Return Messages: The API will return the latest message in the thread object returned in the messages array. The latest message will always be at messages[0], and the array will be ordered by created_at in descending order (latest -> oldest).

Message Object: Each message object returned will have the following keys: content: The natural language input from the user (human) or natural language output from our models (bot) speaker: Identifies the message author. Currently, it will always be 'bot' or 'human' created_at: Timestamp of when the message was created

Threads

Threads are simply a conversation of messages.

Using Threads: Sometimes a user will try to interact with a model but not provide the required information for a valid DB mutation. When this happens, the NLAPI will respond in natural language with a message indicating what information it needs to complete the user's request. When this happens, the developer will need to pass the thread_id key in the next request to follow up on the conversation. The NLAPI will use the whole context of the whole thread to complete the request so the user does not have to repeat previous information already mentioned in the thread.

New Threads: If no thread_id is provided in the request, a new thread is created, and the NLAPI has no access to previous messages.

Thread Expiration: [in development] After a thread expires, a user cannot add additional messages to a thread. Expiring threads is a security feature. If we didn't expire threads, and a user had access to something early on in the thread, but not later, the NLAPI may assume access still and hallucinate bad database interactions. With the proper Role-Based Access Control policies, your user will still not be able to perform any action they are not allowed, but it could lead to a poor user experience and more hallucinations with longer threads. We may change this in the future.

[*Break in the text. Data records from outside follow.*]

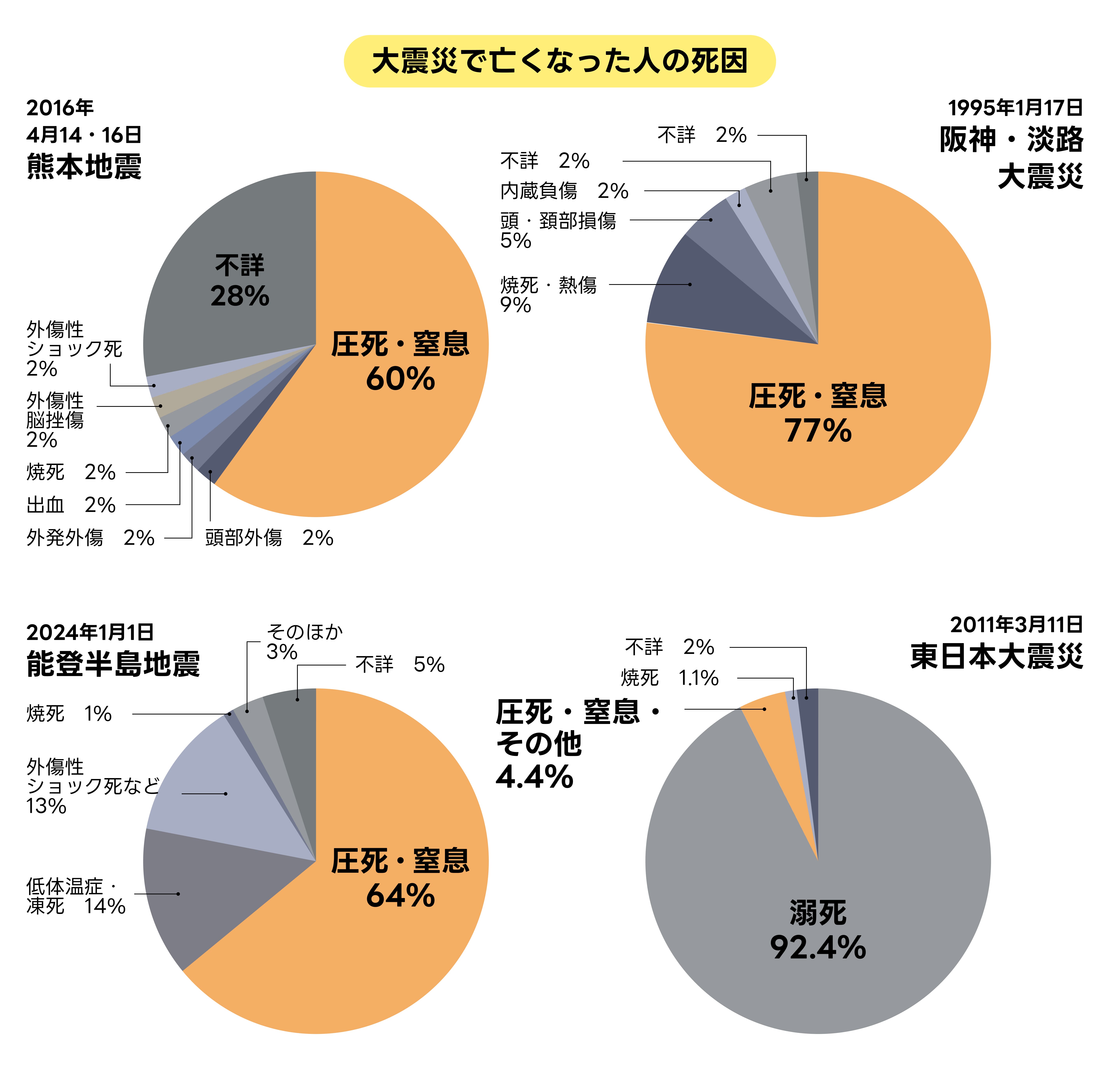 一方、阪神・淡路大震災や熊本地震のような、日本の陸地で発生した大規模地震の死因の多くが「圧死・窒息死」です。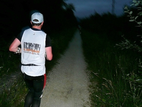 Der erste Abschnitt ist leicht zu laufen, ist ein schmaler, heller Kiesweg. Dann aber taucht er in einen Waldabschnitt ein und es wird richtig dunkel. Ich bin froh, erstens meine und zweitens genau diese Stirnlampe dabei zu haben. Sie ist sagenhaft hell und leuchtet den Weg phantastisch aus. Etwas schwieriger zu belaufen sind dann die Teile, die über Wurzeln und Kieselsteine führen. Aber wiederum ehrlich und ohne Angabe: ich habe mir das aufgrund einiger Beschreibungen wesentlich dramatischer vorgestellt. Wer nicht nur auf Asphalt läuft, sondern einigermaßen landschaftslauferfahren ist, wird keine Probleme bekommen. Es sei denn, man ist schon so erschöpft, daß nur noch ein Stolpern möglich ist.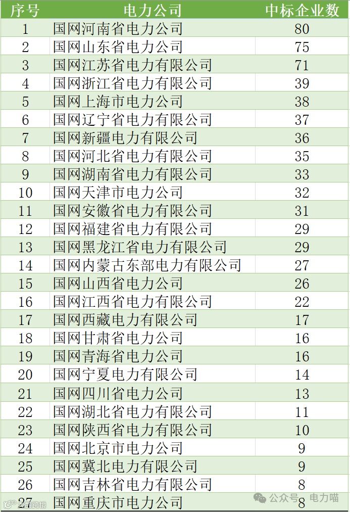 各电力公司中标企业数量方面,在国网河南省电力有限公司共有80家企业中标,超过10家企业中标的电力公司共有23个。

Thread Object: The thread id is returned from every /nlapi request. thread_id: This is used to keep track of threads so a user can follow up with a conversation. created_at: [in development] The timestamp the thread was created. expires_at: [in development] The timestamp when the thread expires. After this, no more messages will be accepted, and the NLAPI will return the thread object with the last message's content: 'Error: Thread has Expired, please start a new thread.'

Context

Context is information the developer knows about the user or current location of the request that the user and the NLAPI would not. For example, on a project management software, if a user is on a project dashboard page and sends the payload of {'user_input' : 'add a task to this project called make documentation for feature x'}. The NLAPI would not know what project the user is referencing. Because the user is on the project page, the user could add the context key context: ["user is viewing project with id 71"] to the payload, and the NLAPI would understand that the user is likely wanting to add a task with project_id of 71.

How context is being implemented is currently being shaped and is subject to change. Please send us your feedback on how you'd like to implement this. Email at jase@jasekraft.com

Streaming

To request a streamed response, you must include the "options" key, which contains an object with the key "stream" set to "true". A sample payload might look like:

{
  "user_input": "Create a new recipe called 'meatloaf'",
  "thread_id": "a1b2c3d4-5678-90ab-cdef-1234567890ab",
  "context": ["logged in user's id is 17283"],
  "options": {
    "stream": true
  }
}

The event field describes the type of event that is being sent.

The data field contains a JSON string with information corresponding to the type of the event.

Streaming Events

status_message

Status messages relay information about the steps the NLAPI is taking behind the scenes, whether that be the initial processing of the request, making queries, etc.

event: status_message
data: {"content": "querying", "thread_id": "a1b2c3d4-5678-90ab-cdef-1234567890ab"}

message_chunk

Message chunks contain JSON strings with "content" denoting the current message token and "thread_id" containing the id of the current conversation.

event: message_chunk
data: {"content": "ketchup", "thread_id": "a1b2c3d4-5678-90ab-cdef-1234567890ab"}

close

The close event is the last event in the response. In addition to "content" and "thread_id", close events also contain a "run_id".

error

If the NLAPI encountered an error while processing the request, it will send the error message in an error event.

event: error
data: {"content": "Error: API Connection error", "thread_id": "a1b2c3d4-5678-90ab-cdef-1234567890ab", "run_id": "a1b2c3d4-5678-90ab-cdef-1234567890ab", "processing_time": 3.1492, "query_time": 0.4498, "total_time": 3.599, "time_to_first_token": 2.2372}

Feedback (In Developement)

To continue to improve our models, we optionally allow users to give feedback on responses. We currently use this data internally to continually improve our models. However, if you'd like to not participate in the continued refinement of our data, you can simply reach out, and we can discuss options. Coming In Some Amount of Time: with enterprise installations of this software, the enterprise's exclusive model will continue to learn from the data in this feedback loop

Developers can send POST requests to /feedback with the feedback object to help provide feedback and improve our models. Users can only provide feedback on responses from threads they are logged into. As with requests made to nlapi, you must include your access_token in the Authorization header of your request.

Feedback Object

{
  "run_id": string, // The id of the run returned from the chat response.
  "score": 0 | 1 // Was the response good or bad? 0 for bad, 1 for good.
}

Capabilities Summary

In order to help users understand what they are able to do with the NLAPI, we provide a brief written summary of their capabilities at GET /capabilities. This endpoint requires an API key that is associated with an application. If the application is a Devii application, you must also include your user's access_token.

// Response schema
{
  "capabilities_summary": string
}

Local Development

To enable the NLAPI to access your local API while it's deployed on the cloud, you can use Ngrok. Ngrok creates a secure tunnel from a public endpoint to a locally running service, making it an essential tool for development and testing. This guide provides a step-by-step process to set up Ngrok effectively.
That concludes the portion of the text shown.